Documents also manifest several, more localized characteristics that determine how we use them in everyday life:
- Manifest nature: Information is physical, i.e. it always must exist in a tangible form, even when digital. IBM computer scientist Rolf Landauer is credited with this observation and working out its implications. By virtue of being realizations of chunks of information, documents are necessarily physical in all their forms.

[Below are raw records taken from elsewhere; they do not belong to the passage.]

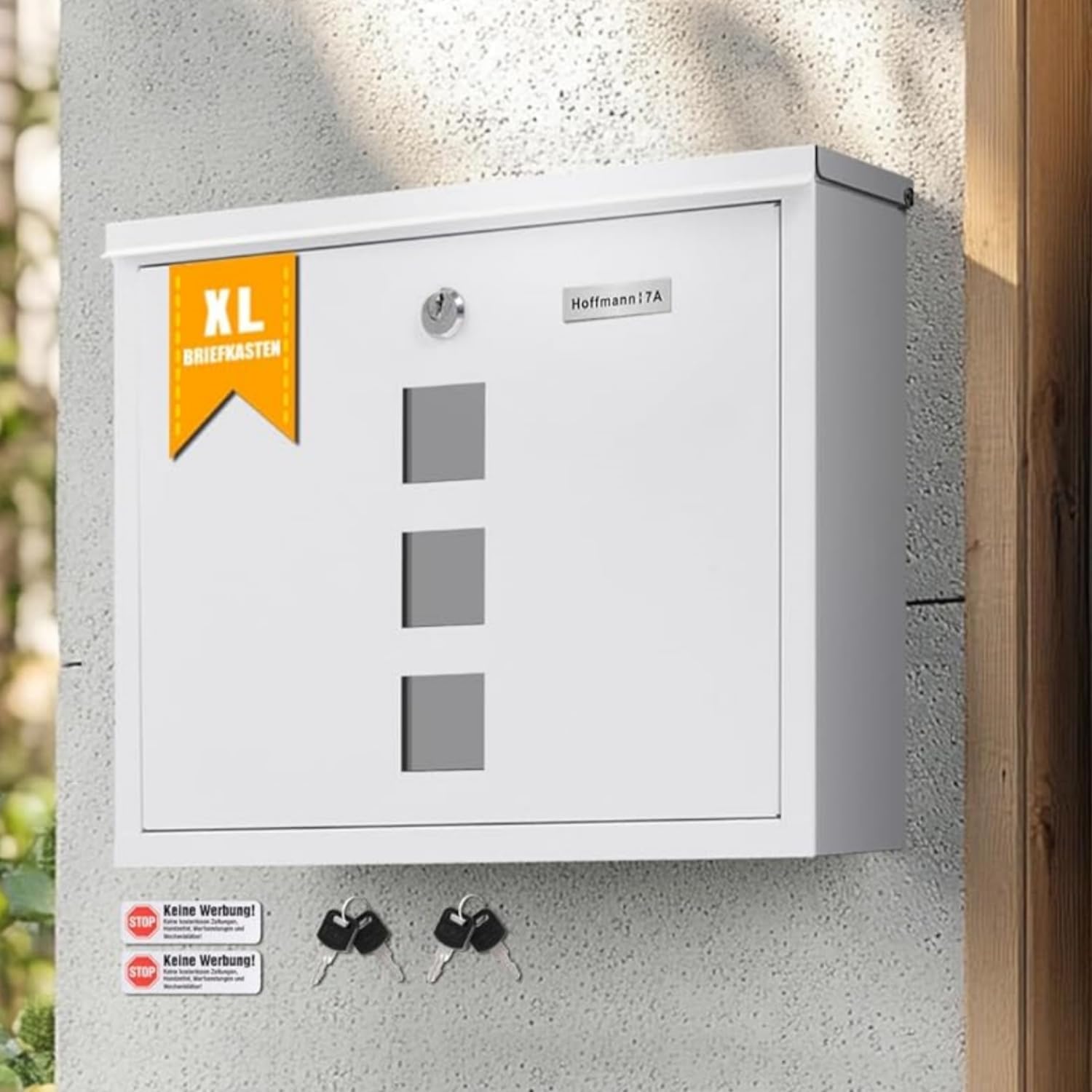 - 【Sichtfenster und Schloss】Das Sichtfenster aus Acrylglas erlaubt einen kleinen Einblick in den Wandbriefkasten und Sie sehen sofort, ob neue Post eingetroffen ist.Ausgestattet mit einem hochwertigen Schloss mit 4 Schlüsseln, um Ihre Post sicher für Sie zu halten.
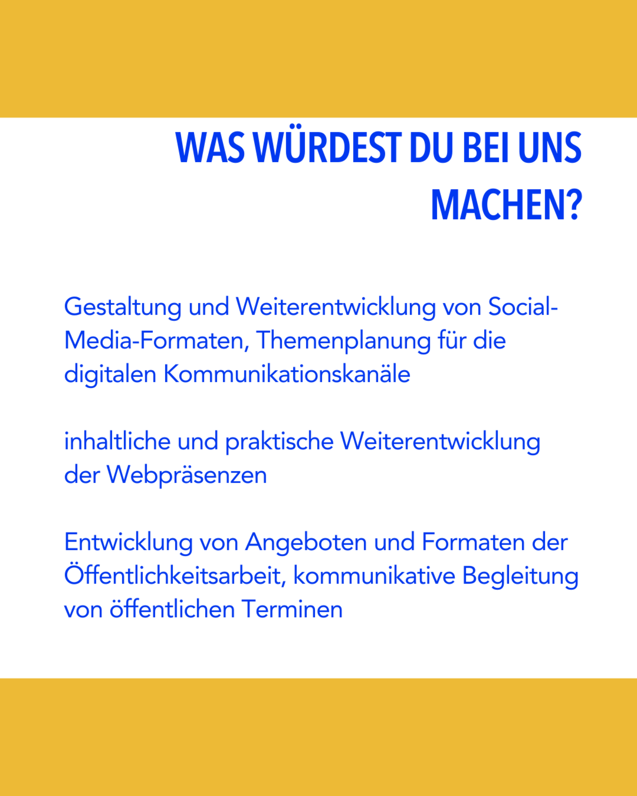 Du folgst unserer Arbeit hier auf Social Media, hast aber eigentlich 100 Ideen, wie der Auftritt noch besser werden könnte? Gute Nachrichten: Setze die Ideen um - wir stellen ein
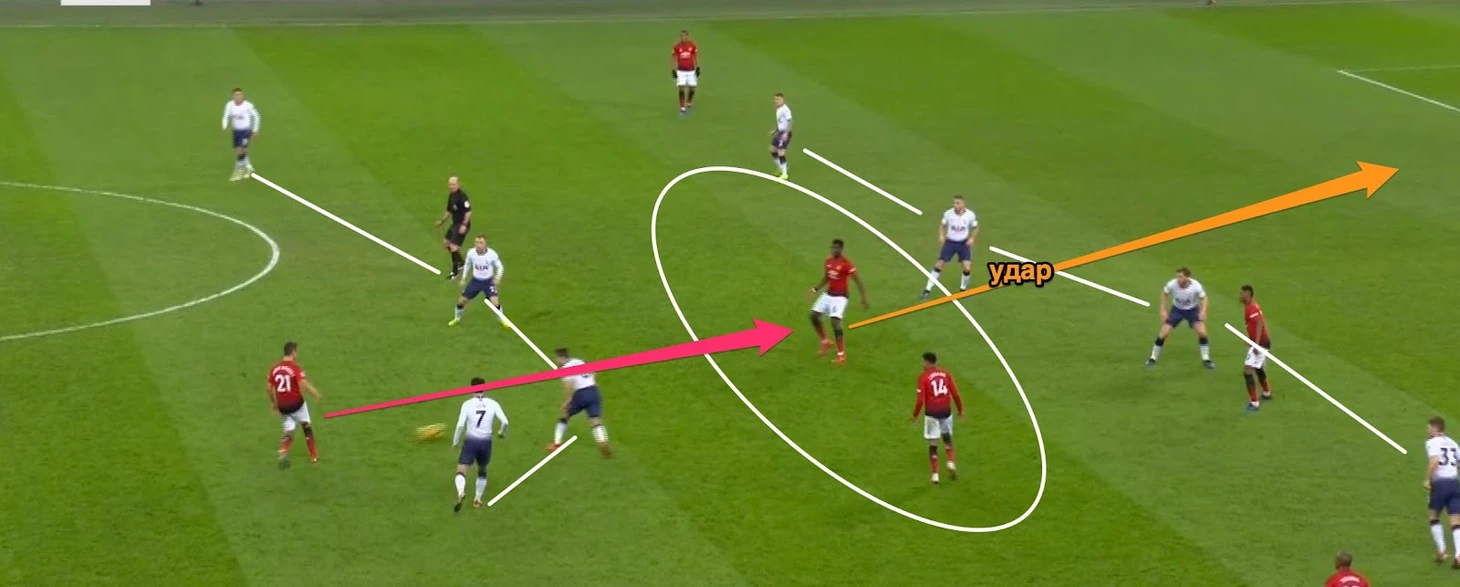 Любимой у него все равно остается зона немного левее центра, именно в ней чаще всего можно наблюдать, как шестой номер ищет себе оперативное пространство, взаимодействует с партнерами, находит варианты продолжения атаки. В этом эпизоде редкое подключение Люка Шоу забирает на себя внимание и Сиссоко и вернувшегося Алли, чем создает нужный плацдарм для француза. Поль делает топовый перевод на противоположный фланг.
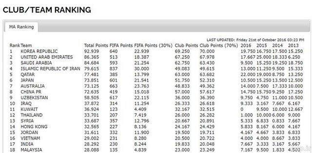 طبق آخرین جدولی که در ماه اخیر اعلام شده فوتبال ایران در رتبه چهارم آسیاست و همچنان سهمیه اش نسبت به سال قبل کاهش پیدا کرده است.
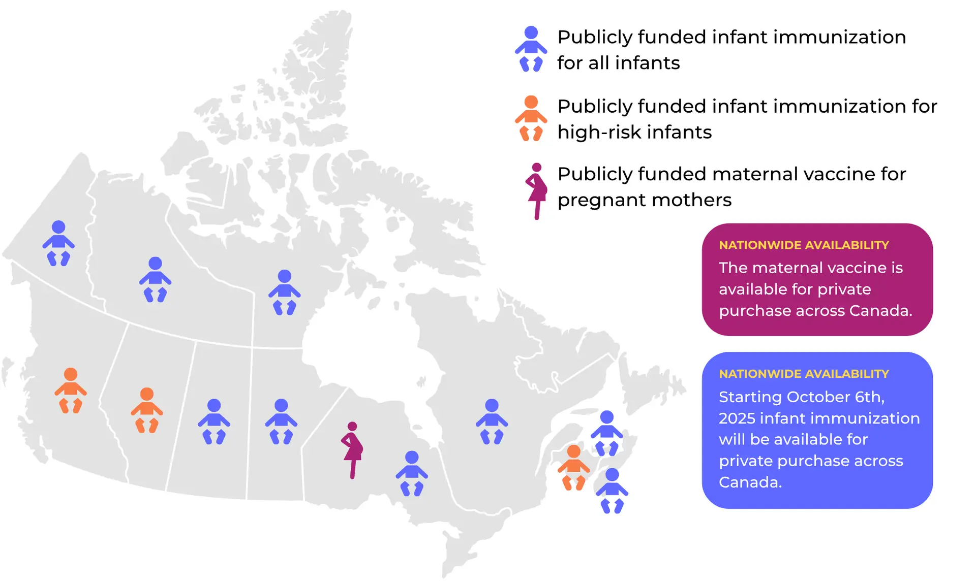Ontario is publicly funding RSV infant immunization—nirsevimab (Beyfortus). All infants up to 8 months in age and high-risk children up to 24 months of age can receive the immunization free of charge for the 2025-2026 season.
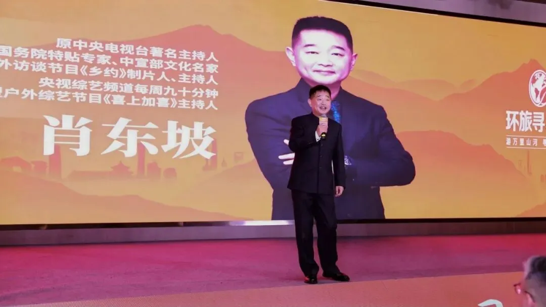 原中央电视台著名主持人、国务院特贴专家、中宣部文化名家肖东坡先生的登场,将现场氛围推向新高。作为央视《乡约》《喜上加喜》等经典节目的主创者,肖老师深耕媒体与文旅融合领域多年,他分享了自己对文旅产业创新发展的独家见解,高度认可环旅寻鲜集 “旅游 + 寻鲜” 的品牌理念。肖老师表示,文旅产业的发展需要创新思维与资源融合,而环旅寻鲜集精准契合了当下消费者对高品质文旅生活的追求,未来发展潜力无限。
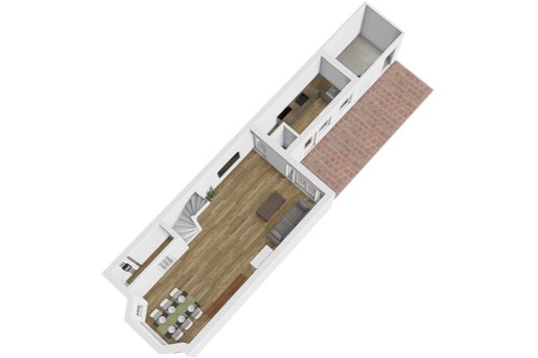 The kitchen, located at the rear of the house, has recently been updated with new tiles and a new countertop and also provides access to the garden. The toilet is also located at the rear.
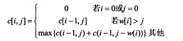 其中c(i,j)表示i个物品、容量为j的0-1背包问题的最大装包价值,最终要求解c(n,W)。
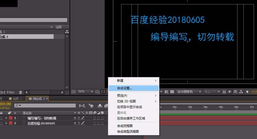 5、在空白处点击右键,点击打开-合成设置
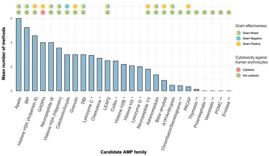 Summary of the predicted antimicrobial characteristics of the candidate caecilian AMPs catalogued in this study. The Y-axis shows the mean number of different activity prediction methods that indicate antimicrobial capacity in the peptides analysed. Effectiveness against Gram-positive and/or Gram-negative bacteria and cytotoxic activity against human erythrocytes is shown as colour circles above each bar. Candidate AMPs marked with an asterisk (*) are peptides for which neither Gram effectiveness nor cytotoxicity could be calculated because they are >100 amino acids in length and they were not classified as AMPs by the AMP Scanner method. Those candidate AMPs marked with two asterisks (**) are peptides for which only Gram effectiveness could not be calculated (not classified as AMPs by the AMP Scanner method).
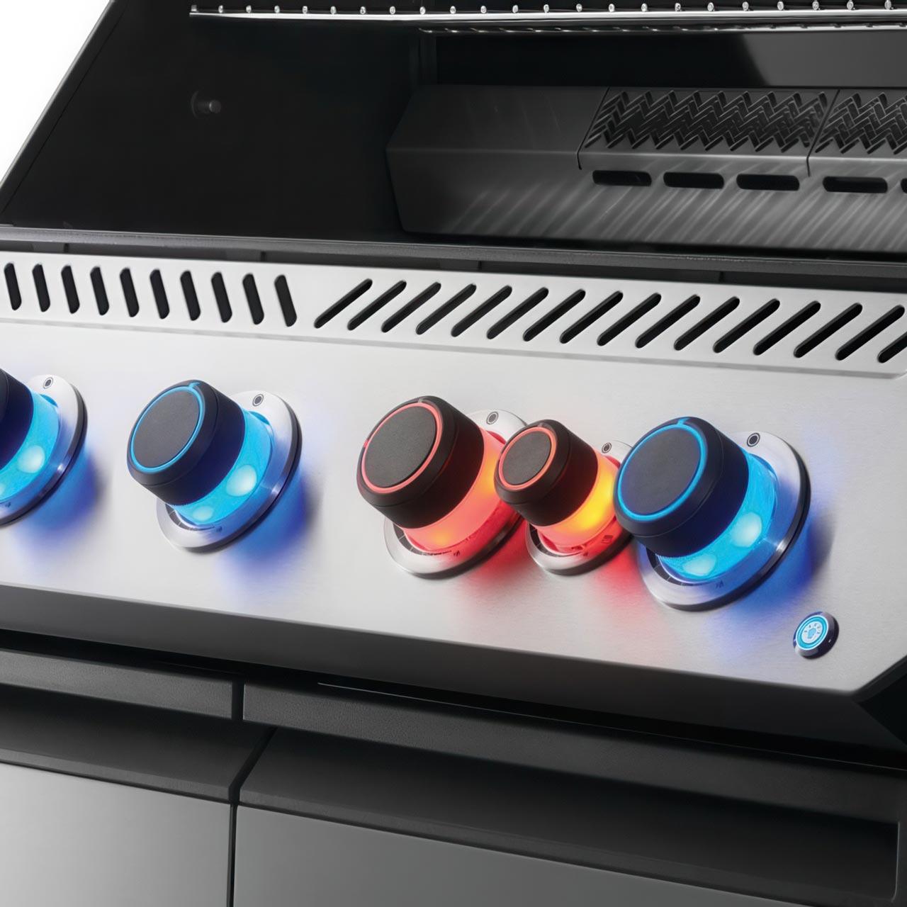 Eine leuchtende Idee: SafetyGlow™-KontrollknöpfeDie SafetyGlow™-Funktion sorgt dafür, dass alle Bedienelemente, deren Brenner aktiv sind, rot leuchten, sobald Gas im Spiel ist. So vergessen Sie nie wieder, Ihren Grill auszuschalten und schaffen obendrein ein gemütliches Grillen in den Abendstunden. |
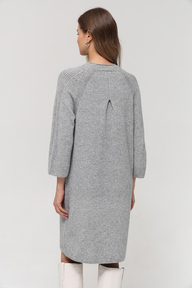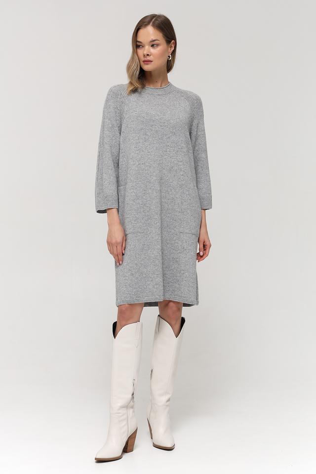 Платье имеет прямой силуэт, длину до колена и удобный круглый вырез горловины. Рукава – три четверти, слегка расширенные к низу. Трикотажная структура ткани придает платью уютный и непринужденный вид.
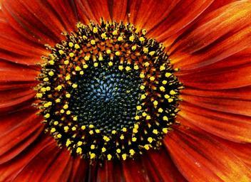 Keywords: sunflower red orange pollen yellow specks black-brown seeds petals concentric sun bright round summer
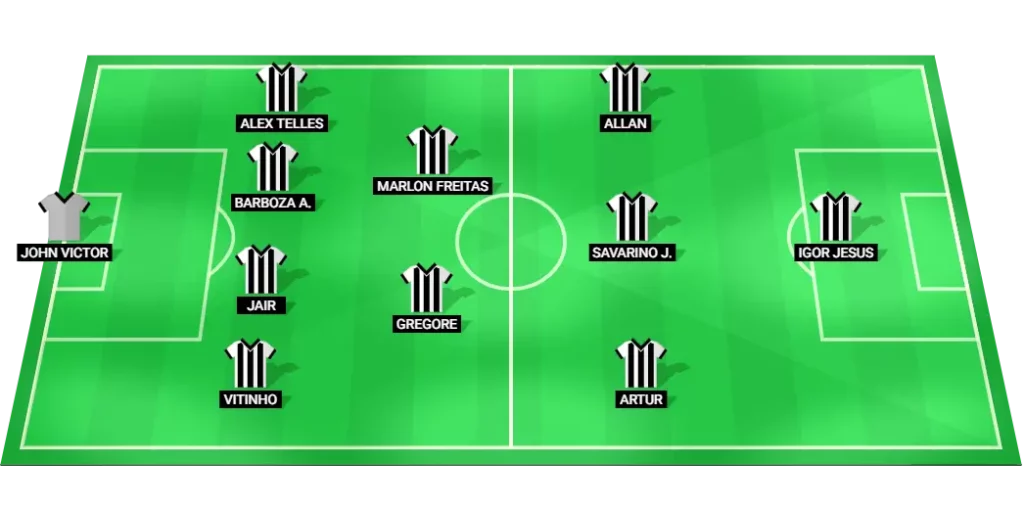 Botafogo are expected to field the same eleven that defeated PSG: John Victor (GK), Vitinho (DF), Jair (DF), Barboza A. (DF), Alex Telles (DF), Gregore (MF), Marlon Freitas (MF), Artur (MF), Savarino J. (MF), Allan (MF), Igor Jesus (FW)

- Contextuality and Situatedness: All communication takes place in a context, which includes at least the shared understanding of the parties communicating (Lewis, 2002). Explicit and implicit references to the context can convey a large amount of meaning by building on the shared understanding, but that meaning is lost to another party that does not share that context. For example, Shakespeare in the original would be incomprehensible to modern readers simply because of the evolution of language and spelling since the seventeenth century, and modern readers (besides Shakespeare scholars) normally read modernized versions. Similarly, hypertext documents exist in a context which is lost if printed, leading to a different offline reading context.
- Evolvability: When we think of a document as a definitive source containing the best known information about a topic there is need to change that information as more is learned. This is frequently done by revising the document into a new version or edition. Typically, older versions are archived to facilitate understanding how the document has changed. In modern contexts, when technologies such as wikis or software source code are under discussion, this evolvability can require very sophisticated version control technologies.
- Renderability: Every abstract entity that is understood to be a document in some context can be rendered, often in more than one way. A rendition of a document refers to a particular physical or electronic representation of the information from the document. For example, a portable document format (pdf) representation and a web page may contain the same information but have substantially different properties and appearances. We think of them as different renditions (or renderings) of the same document. We might similarly consider different translations of a document to be the same document although differences in language context and structure may make it impossible to express precisely the same meaning in both languages.
- Affordances: Documents in digital and physical forms manifest various "affordances" (Sellen and Harper, 2001, Gladwell, 2002)). The affordances of a particular rendition of a document determine its uses. For example, paper has the affordances of allowing flipping and easy tactile manipulation, while digital forms are easier to edit.
Classical roles and workflows in document production
There are a number of roles in which people are involved in the creation and distribution of traditional paper documents (Romano, 1989); some, but not all documents are processed by people acting in each role, each of which may be performed by an individual or a group. Books are a well known example of documents that require an extensive publication process, but many other documents undergo similar processes to at least some of those from book publication. Each of these roles is considered to improve or add value to a document. These roles are generally understood as being clustered in various phases in the production of a classical document, including authorship, editing and prepress. Roles and workflows in the production of modern digital documents are more variable and are discussed in the section on future documents.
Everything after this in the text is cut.